Операция шла уже третий час.

– Гарпун! – скомандовал наконец профессор, скомандовал властно, резко, но его точно из глубины кувшина исторгающийся голос явно дрожал от усталости.

«Гарпун… Какой гарпун? Зачем здесь, в операционной, гарпун?» – думал Мечетный, отвлекая себя от тревожной мысли, рожденной сознанием, что вот сейчас решается, видеть ему или не видеть, вернуться в строй нормальных людей или навсегда остаться калекой. Отгоняя от себя страх за исход операции, он старался думать о мелочах: что такое гарпун, что значит копье, крючок.

Время от времени профессор спрашивал:

– Как себя чувствуете?

– Нормально.

– Что испытываете?
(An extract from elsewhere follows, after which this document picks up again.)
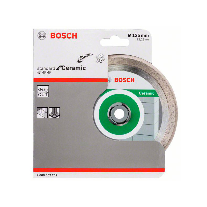 Отрезной алмазный диск Bosch Standard for Ceramic 125 мм. Предназначены для отделки таких материалов как: Керамическая плитка. Посадочное отверстие 22,23 мм, толщина сегмента 1,6 мм, высота 7 мм.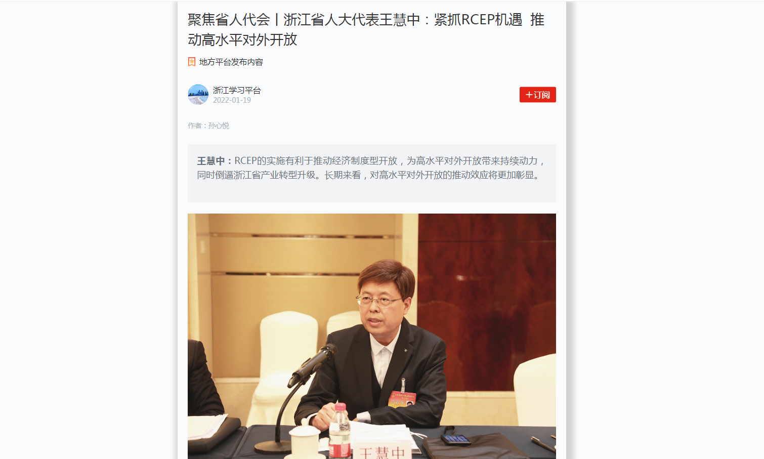 浙江省人大代表、无码影片 王慧中教授提出的《关于“紧抓RCEP机遇推动开放合作”的建议》与浙江省政府工作报告提出:“抓住RCEP实施重大机遇,引导企业用好零关税等规则,落实好出口退税、出口信贷等政策”不谋而合,相关内容被“学习强国”浙江学习平台报道。

Болит?

– Терпимо.

– Если очень больно, скажите.

– Скажу.

И опять сквозь вязкий полусон звучали непонятные слова: векорасширитель… криоэкстректор… гарпун. Скоро ли это кончится?

Кончилось через три с лишним часа.

– Ух! – раздалось наконец. – Воды… Нет, простой… Терпеть не могу эту газированную дрянь!

Тяжелые, медленные глотки.

– У вас, Виталий Аркадьевич, вся спина черная.

– Еще бы… тремя потами омылся… Ну, друг капитан, задали вы мне работенку. Как себя чувствуете?

– Нормально.

– А я вот нет. Я подняться с табуретки боюсь. Ноги подламываются. Такая операция не жук на палочке. – На этот раз голос был слабым.

– Товарищ профессор, ну как, есть надежда?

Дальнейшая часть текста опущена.